** EXERCISE DETAILS **
I'd like the full listing transcribed exactly, with no images included.

** MATERIAL PROVIDED **

*-*-*

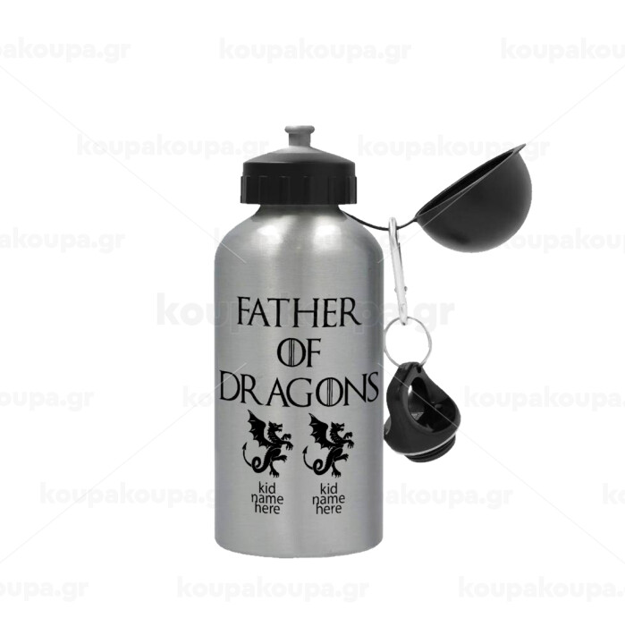 GOT, Father of Dragons (με ονόματα παιδικά), Μεταλλικό παγούρι νερού, Ασημένιο, αλουμινίου 500ml
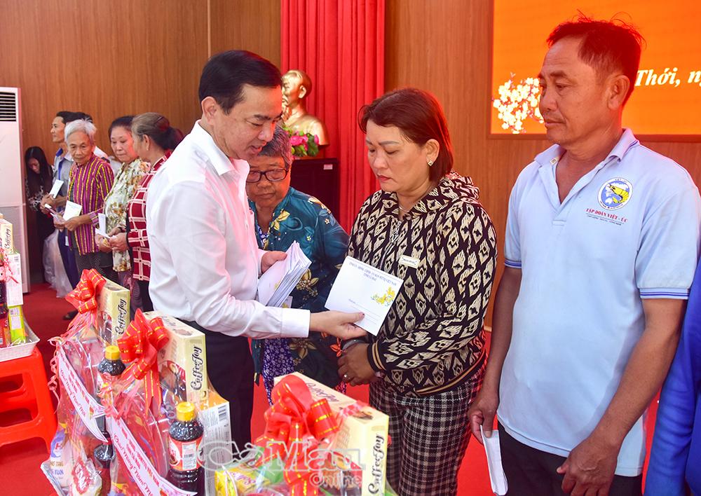 Trưởng Ban Tổ chức Tỉnh uỷ Phan Thanh Duy trao quà Tết tại xã Châu Thới
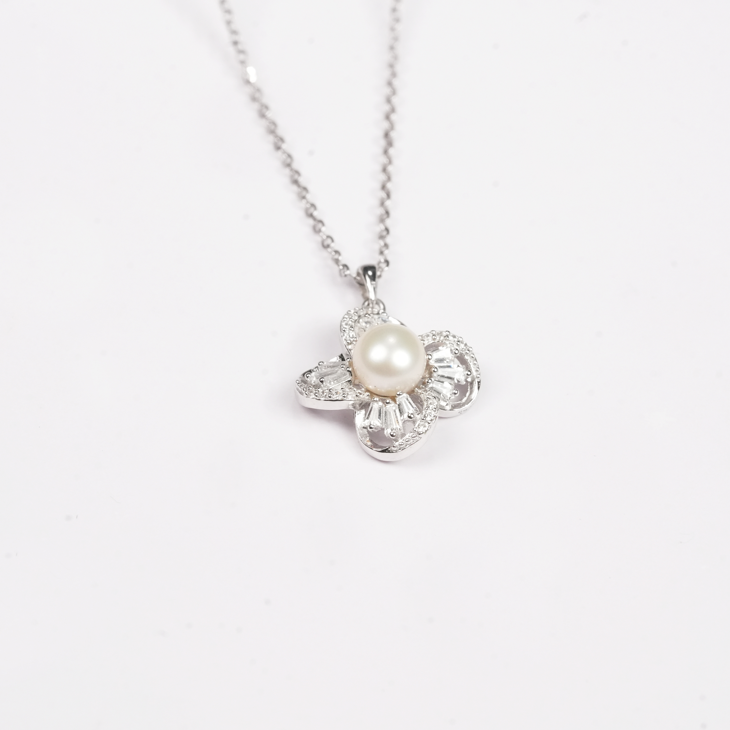 The Fiora Silver Necklace offers a modern take on floral designs with its sharp lines and brilliant stone placement. It’s a bold yet elegant piece that brings a contemporary edge to a classic botanical theme.
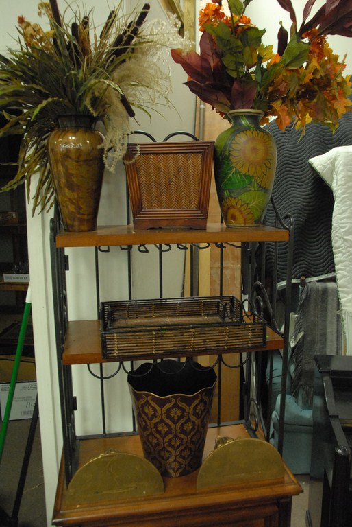 Lot 187: Decorative group lot on two tagres including reproduction radio with CD player, five clocks, vases, trays, shelves, etc.

*-*-*

** YOUR SOLUTION **
 GOT, Father of Dragons (με ονόματα παιδικά), Μεταλλικό παγούρι νερού, Ασημένιο, αλουμινίου 500ml
 Trưởng Ban Tổ chức Tỉnh uỷ Phan Thanh Duy trao quà Tết tại xã Châu Thới
 The Fiora Silver Necklace offers a modern take on floral designs with its sharp lines and brilliant stone placement. It’s a bold yet elegant piece that brings a contemporary edge to a classic botanical theme.
 Lot 187: Decorative group lot on two tagres including reproduction radio with CD player, five clocks, vases, trays, shelves, etc.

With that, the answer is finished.